I have a rather interesting old box, a 6 x PPro ALR beast with two primary
PCI buses and a truly immense number of disk bays. At the moment it's got
Linux 2.4.18 with XFS 1.1 on it; the disks are four IDE disks in a software
RAID and five IBM SCSI disks on an Adaptec 3210S I2O RAID controller. The
only other thing of note in the machine is a Netgear GA-620 (Tigon-II)
ethernet adapter.
I have, unfortunately, discovered that though I can't provoke the problem
any other way, if I copy many large files onto the box using Samba, I get
an almost instant hard hang. No network I/O, no keyboard input; I can't
even drop to the debugger.
I figured the problem was with the software RAID (even though I'm using an
external log on a partition of the Adaptec's "disk") but copying onto the
Adaptec RAID volume, as it turns out, has the same issue. So, I assume
the likely culprit is a locking botch somewhere in the acenic or dpti
drivers or in XFS. I assume everyone in the world would know if acenic
or dpti were broken (they have many more users that XFS, I've got to guess)
so I tend to blame XFS...
I note that Linux spinlocks seem to use cli/sti to disable all interrupts
so a locking botch does seem like a likely cause of a total, irrecoverable
hang. That leaves me with little or no idea how to debug this, but I'd be
glad to give it a shot if someone could make suggestions.
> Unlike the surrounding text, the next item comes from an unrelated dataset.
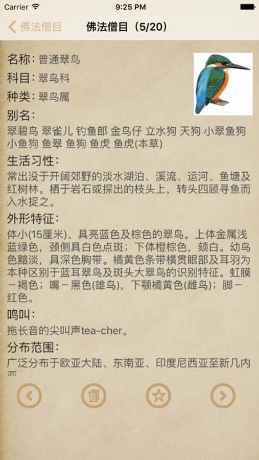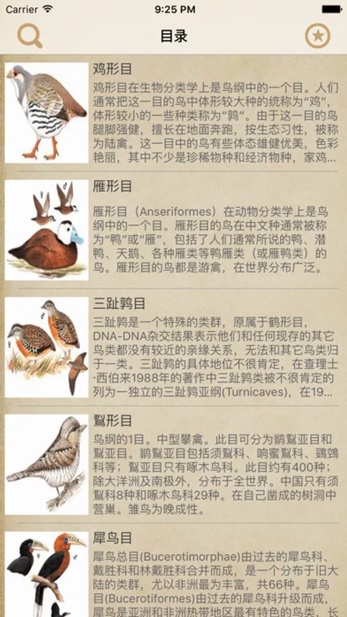 本应用还有关键词搜索功能,可以让您准确迅速的找到您想了解的鸟类知识;

I work at a
router vendor that ships a Linux-based product so I can handle the kernel
debugger fairly well; I just don't know where to start with this kind of
problem, since we ship only uniprocessor machines and locking issues aren't
exactly common. :-)
I'd be perfectly willing to arrange login or serial console access to the
box for anyone from SGI who cared to look at this; or just let me know
what you want me to look at and I'll be glad to report back.
Thor
|